§ **Data extracts**:
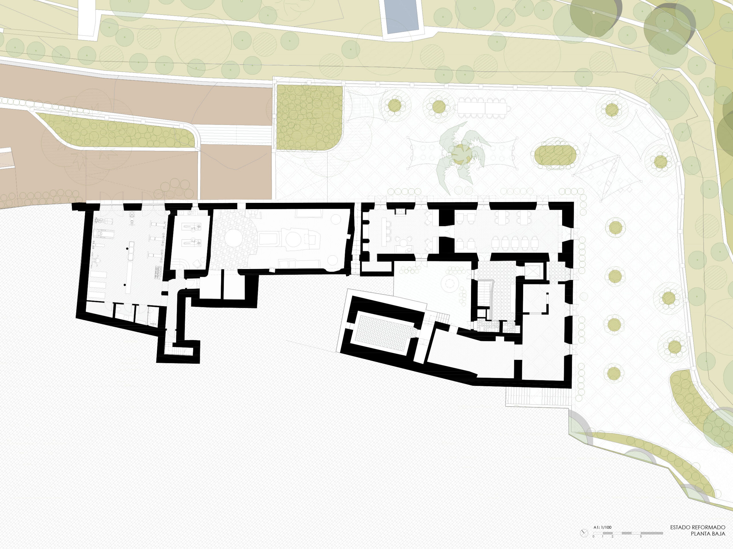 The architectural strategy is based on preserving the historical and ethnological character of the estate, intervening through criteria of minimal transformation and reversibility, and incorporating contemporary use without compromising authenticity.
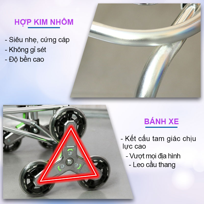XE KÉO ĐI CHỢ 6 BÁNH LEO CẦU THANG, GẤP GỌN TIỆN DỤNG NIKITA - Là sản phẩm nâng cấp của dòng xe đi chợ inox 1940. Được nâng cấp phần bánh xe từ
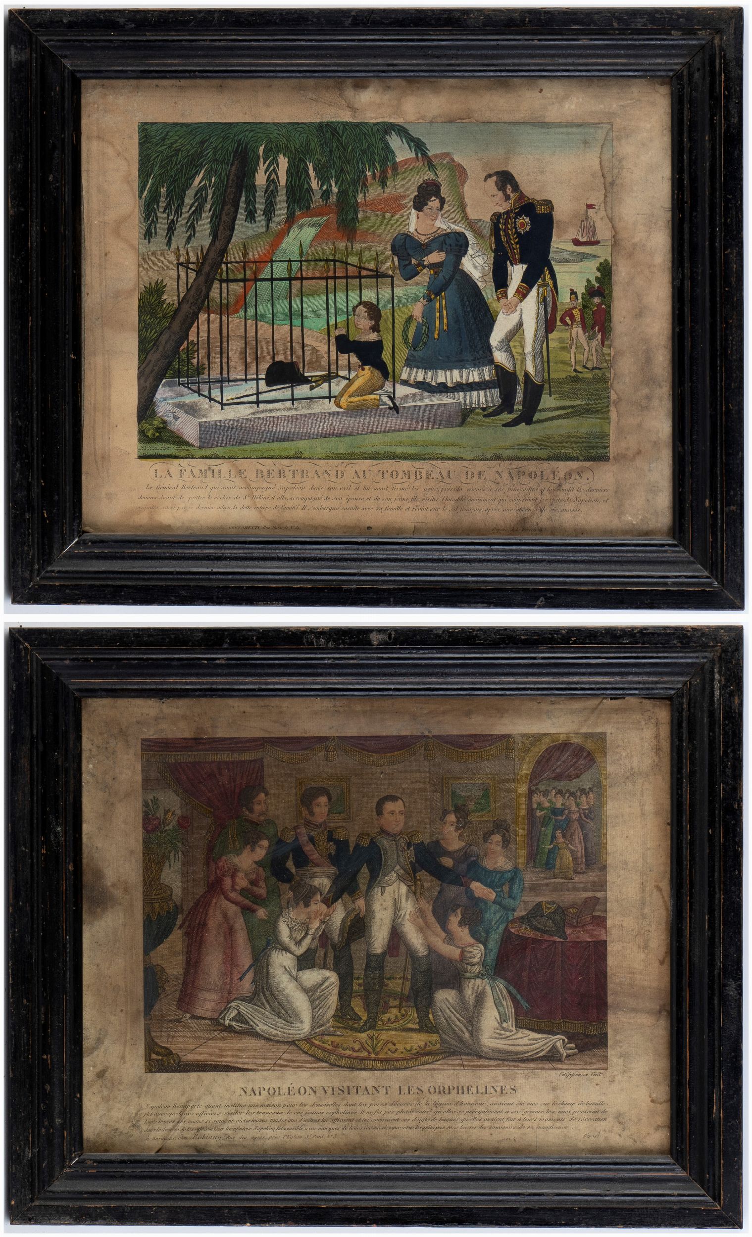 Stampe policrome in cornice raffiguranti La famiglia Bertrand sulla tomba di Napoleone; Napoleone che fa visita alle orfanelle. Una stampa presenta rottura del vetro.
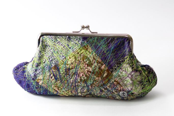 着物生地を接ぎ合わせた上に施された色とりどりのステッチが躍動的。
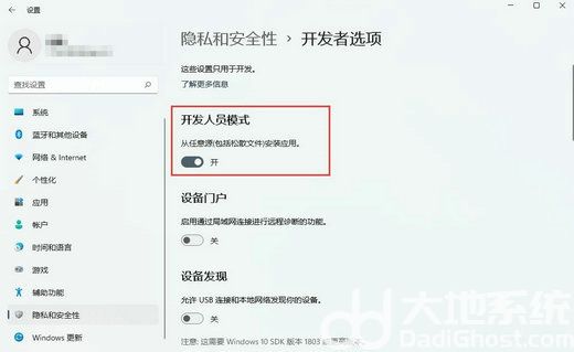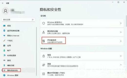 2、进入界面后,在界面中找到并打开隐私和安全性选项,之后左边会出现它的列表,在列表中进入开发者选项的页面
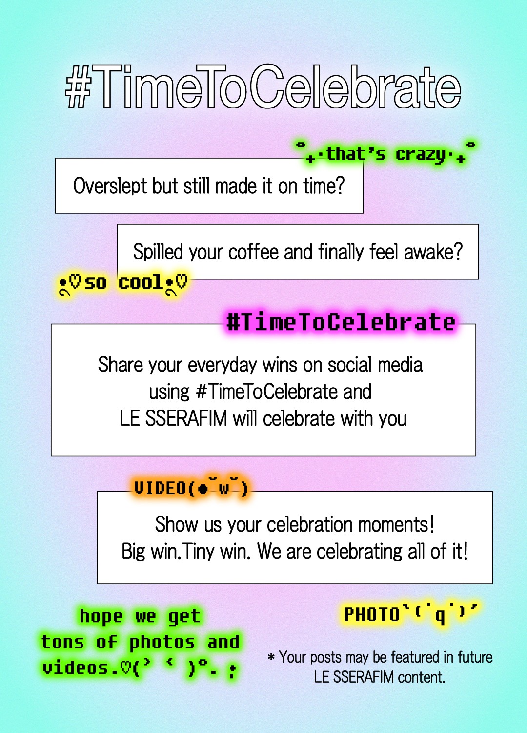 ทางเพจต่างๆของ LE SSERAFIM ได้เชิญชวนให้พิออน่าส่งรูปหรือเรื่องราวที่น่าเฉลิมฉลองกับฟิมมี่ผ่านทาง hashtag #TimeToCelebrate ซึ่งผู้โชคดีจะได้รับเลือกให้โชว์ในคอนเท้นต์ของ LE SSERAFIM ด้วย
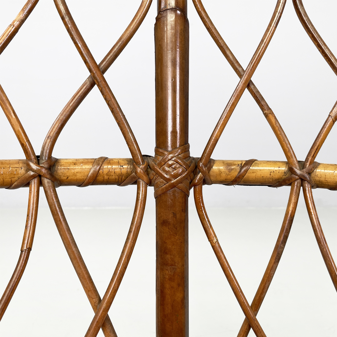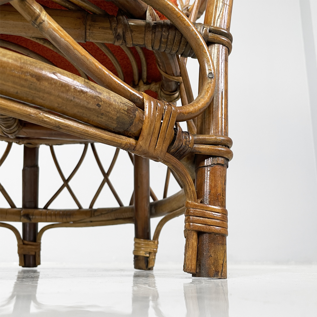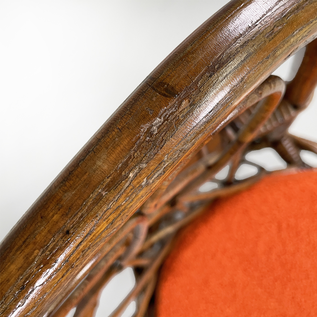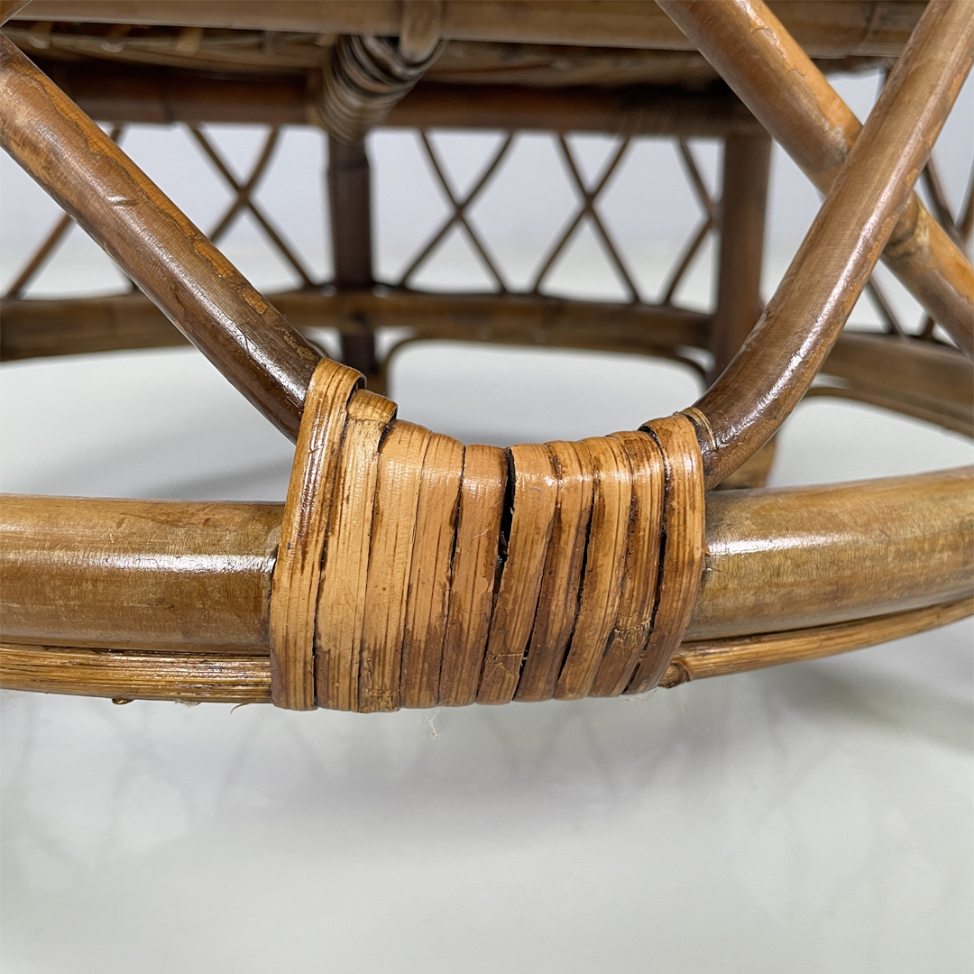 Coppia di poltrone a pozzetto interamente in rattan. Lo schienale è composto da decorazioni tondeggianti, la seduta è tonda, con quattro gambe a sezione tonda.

--

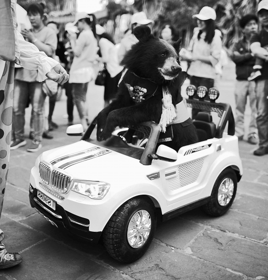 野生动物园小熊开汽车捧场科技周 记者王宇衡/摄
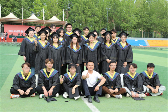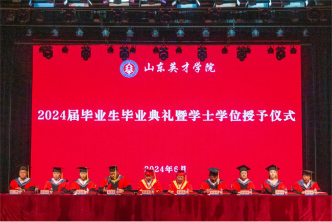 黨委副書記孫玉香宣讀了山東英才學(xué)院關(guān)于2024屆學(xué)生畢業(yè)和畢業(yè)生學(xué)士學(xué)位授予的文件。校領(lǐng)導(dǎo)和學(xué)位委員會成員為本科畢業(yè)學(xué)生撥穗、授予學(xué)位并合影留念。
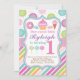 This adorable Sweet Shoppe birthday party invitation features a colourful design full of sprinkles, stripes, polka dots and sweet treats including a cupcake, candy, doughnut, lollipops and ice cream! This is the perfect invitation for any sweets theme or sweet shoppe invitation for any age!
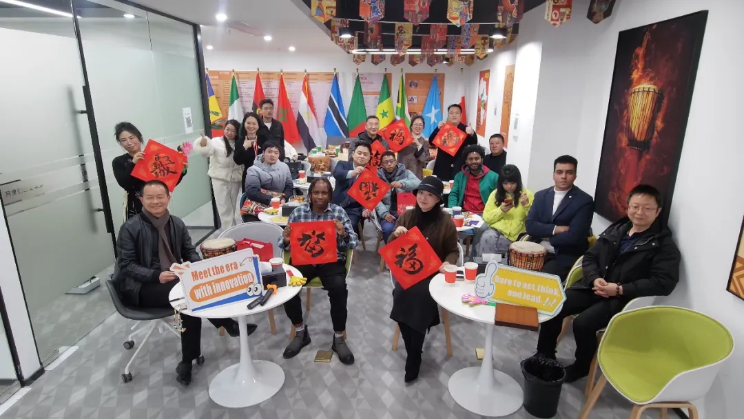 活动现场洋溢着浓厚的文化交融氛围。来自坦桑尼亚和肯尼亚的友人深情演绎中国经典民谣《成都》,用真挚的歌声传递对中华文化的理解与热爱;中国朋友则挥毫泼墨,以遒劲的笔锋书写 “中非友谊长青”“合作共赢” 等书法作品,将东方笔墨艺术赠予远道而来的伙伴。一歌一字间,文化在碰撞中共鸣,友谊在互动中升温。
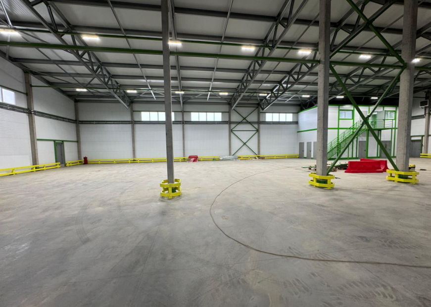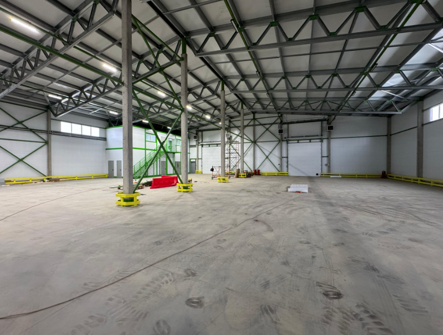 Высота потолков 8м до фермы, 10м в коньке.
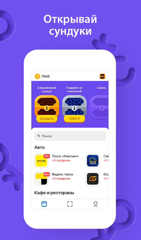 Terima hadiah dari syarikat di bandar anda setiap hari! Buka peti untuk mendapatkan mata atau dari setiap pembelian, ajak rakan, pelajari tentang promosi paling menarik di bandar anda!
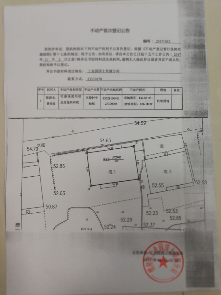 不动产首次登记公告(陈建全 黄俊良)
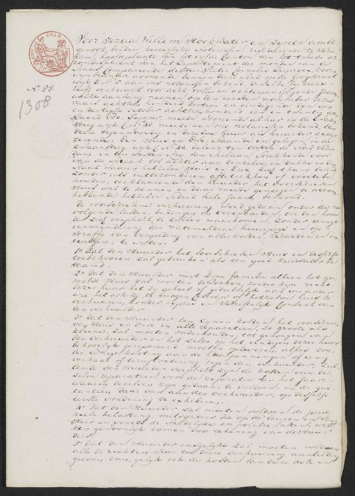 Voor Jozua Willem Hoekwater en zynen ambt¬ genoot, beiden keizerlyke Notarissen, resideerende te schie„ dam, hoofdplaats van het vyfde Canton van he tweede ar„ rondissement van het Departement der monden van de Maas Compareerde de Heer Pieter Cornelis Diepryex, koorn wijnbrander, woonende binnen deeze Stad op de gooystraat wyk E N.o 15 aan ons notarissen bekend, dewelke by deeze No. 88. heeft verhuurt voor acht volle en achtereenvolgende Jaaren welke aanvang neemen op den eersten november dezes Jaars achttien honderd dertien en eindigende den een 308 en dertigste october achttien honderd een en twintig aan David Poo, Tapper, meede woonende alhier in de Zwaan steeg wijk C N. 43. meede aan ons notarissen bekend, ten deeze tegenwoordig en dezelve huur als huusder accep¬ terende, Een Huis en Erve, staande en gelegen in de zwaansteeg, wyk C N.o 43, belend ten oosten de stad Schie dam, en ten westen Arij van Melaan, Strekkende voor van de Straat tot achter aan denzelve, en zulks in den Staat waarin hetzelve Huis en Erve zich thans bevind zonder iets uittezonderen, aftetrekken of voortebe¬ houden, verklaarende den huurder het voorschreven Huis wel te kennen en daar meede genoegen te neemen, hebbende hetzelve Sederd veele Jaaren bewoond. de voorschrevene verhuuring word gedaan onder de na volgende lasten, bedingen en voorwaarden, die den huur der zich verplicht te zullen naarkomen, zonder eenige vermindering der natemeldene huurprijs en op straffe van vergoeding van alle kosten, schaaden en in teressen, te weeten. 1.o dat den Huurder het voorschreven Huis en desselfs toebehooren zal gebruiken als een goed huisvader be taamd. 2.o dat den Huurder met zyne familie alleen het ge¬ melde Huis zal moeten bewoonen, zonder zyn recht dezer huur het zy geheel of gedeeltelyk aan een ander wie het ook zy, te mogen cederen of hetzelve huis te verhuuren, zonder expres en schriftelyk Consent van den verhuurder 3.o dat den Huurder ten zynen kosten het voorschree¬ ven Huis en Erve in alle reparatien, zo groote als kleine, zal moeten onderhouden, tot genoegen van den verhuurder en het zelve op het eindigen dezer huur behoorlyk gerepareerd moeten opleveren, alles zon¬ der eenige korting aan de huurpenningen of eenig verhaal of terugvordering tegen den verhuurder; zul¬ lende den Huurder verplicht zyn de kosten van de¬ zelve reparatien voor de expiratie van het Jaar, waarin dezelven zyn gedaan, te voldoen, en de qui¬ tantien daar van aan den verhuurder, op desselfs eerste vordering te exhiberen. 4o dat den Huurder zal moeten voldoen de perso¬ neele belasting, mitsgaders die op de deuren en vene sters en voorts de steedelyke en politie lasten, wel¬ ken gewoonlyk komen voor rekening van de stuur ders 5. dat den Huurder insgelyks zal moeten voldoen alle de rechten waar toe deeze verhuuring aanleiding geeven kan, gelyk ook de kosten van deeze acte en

* * *

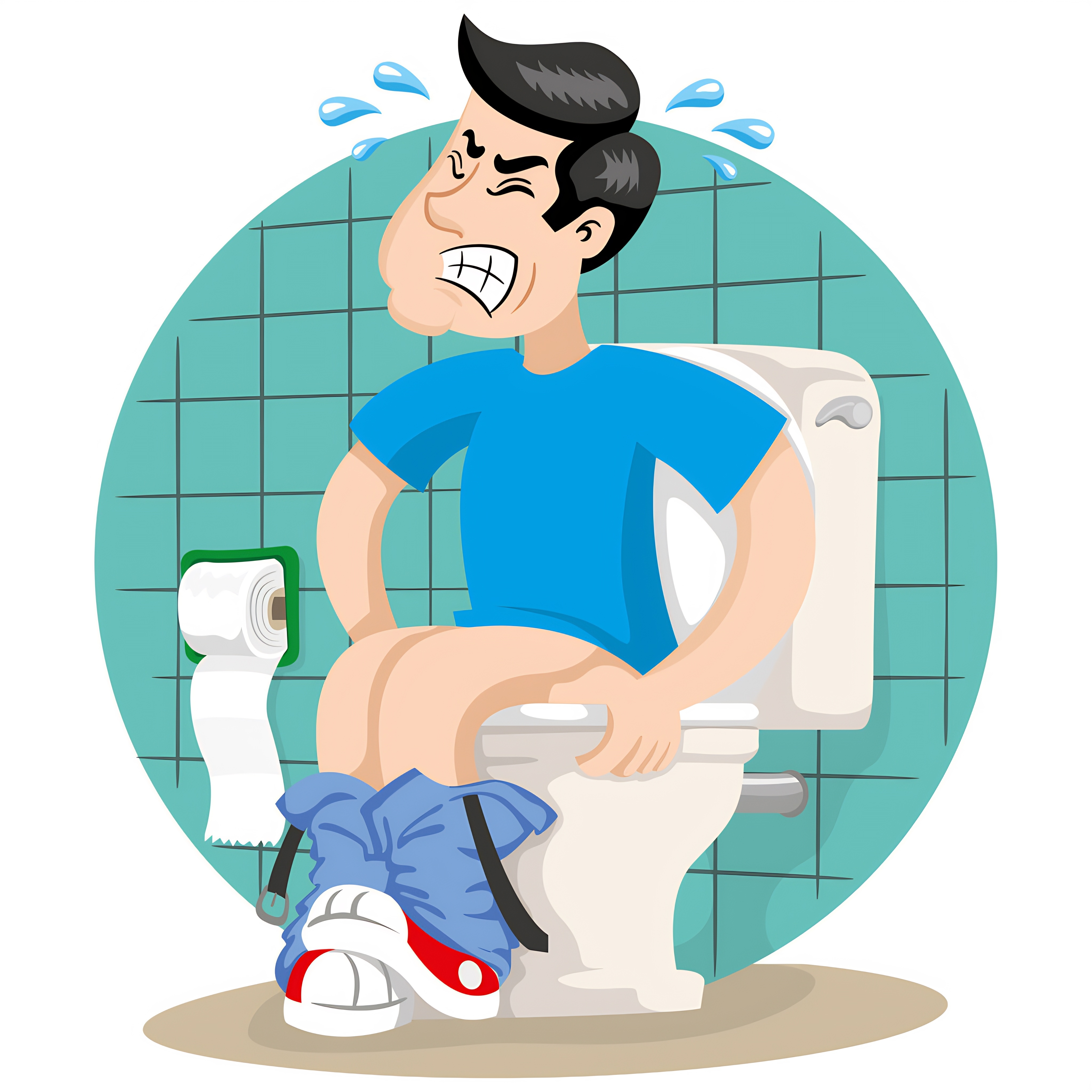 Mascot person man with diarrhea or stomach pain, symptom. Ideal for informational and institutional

§ **Instructions to follow**:
Go to the line above holding "This adorable Sweet", then copy exactly each line down to and including the one holding "不动产首次登记公告(陈建全 黄俊良)", leaving pictures out.

§ **Exercise output**:
 This adorable Sweet Shoppe birthday party invitation features a colourful design full of sprinkles, stripes, polka dots and sweet treats including a cupcake, candy, doughnut, lollipops and ice cream! This is the perfect invitation for any sweets theme or sweet shoppe invitation for any age!
 活动现场洋溢着浓厚的文化交融氛围。来自坦桑尼亚和肯尼亚的友人深情演绎中国经典民谣《成都》,用真挚的歌声传递对中华文化的理解与热爱;中国朋友则挥毫泼墨,以遒劲的笔锋书写 “中非友谊长青”“合作共赢” 等书法作品,将东方笔墨艺术赠予远道而来的伙伴。一歌一字间,文化在碰撞中共鸣,友谊在互动中升温。
 Высота потолков 8м до фермы, 10м в коньке.
 Terima hadiah dari syarikat di bandar anda setiap hari! Buka peti untuk mendapatkan mata atau dari setiap pembelian, ajak rakan, pelajari tentang promosi paling menarik di bandar anda!
 不动产首次登记公告(陈建全 黄俊良)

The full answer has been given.